Demand-side Liquidity = When users come to your marketplace, they can achieve their goals.
Supply-side Liquidity = When supply comes to your marketplace they can achieve their goals... which are almost always to make money.
If you're making a large amount of your supply-side users a full-time income, then you're helping them achieve liquidity.
Now it's not so black and white and it doesn't always have to be a "full-time income." It depends what their goals are.
1) At Airbnb, renters aren't looking to quit their day jobs and become landlords full-time... they're just look to earn a substantial amount of income to offset their rent, mortgage, etc. So in this case, I would probably goal on # of renters that earn >$500 / month... and (in the first 1-5 years) try to grow this number by 10-20% MoM... and maybe by just 5% once you're in the mid-high tens of millions in yearly revenue.
2) At Kickstarter, the goal of the supply-side is to get their project successfully funded. They don't care if the project creator is "full-time"... they just want to make sure they meet their funding goal. This is why they talk about their 44% project success rate all the time - http://www.kickstarter.com/help/stats
3) At Udemy, our instructors want a substantial amount of their income to be driven from their Udemy course earnings... so we look at how many instructors are earning >$2k / month.
Need more info in your question. Is it so that you the marketplace owner can make a living, or the suppliers?

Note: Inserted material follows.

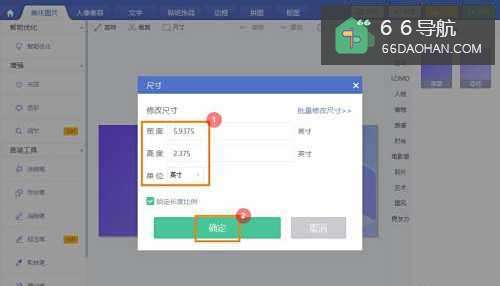 3在尺寸对话框,选择单位【英寸】,输入【宽、高度】,点击【确定】即可。

Obviously the value of a marketplace is liquidity for both demand and supply. However, suppliers are more likely to bear the cost of "waiting" for demand, since they are the ones trying to make a buck (and because "those with the gold make the rules").
If you can build your marketplace in such a way that sellers are able to embrace it without immediate gratification (e.g. no opportunity cost to the seller), then you can build up supply to then take to the demand side.
It's a tough balancing act, kind of like "walking" a big piece of furniture across the room.
The answer depends on several factors, but much comes down to what alternatives they have. If it's costless for sellers to join your platform, and they are able to join competing platforms (multihoming, in the lingo of two-sided marketplaces) or earn money in other ways, then there's no need for them to make a full-time living off selling on your platform. On some classic platforms--including eBay--many sellers are happy to participate as a sideline.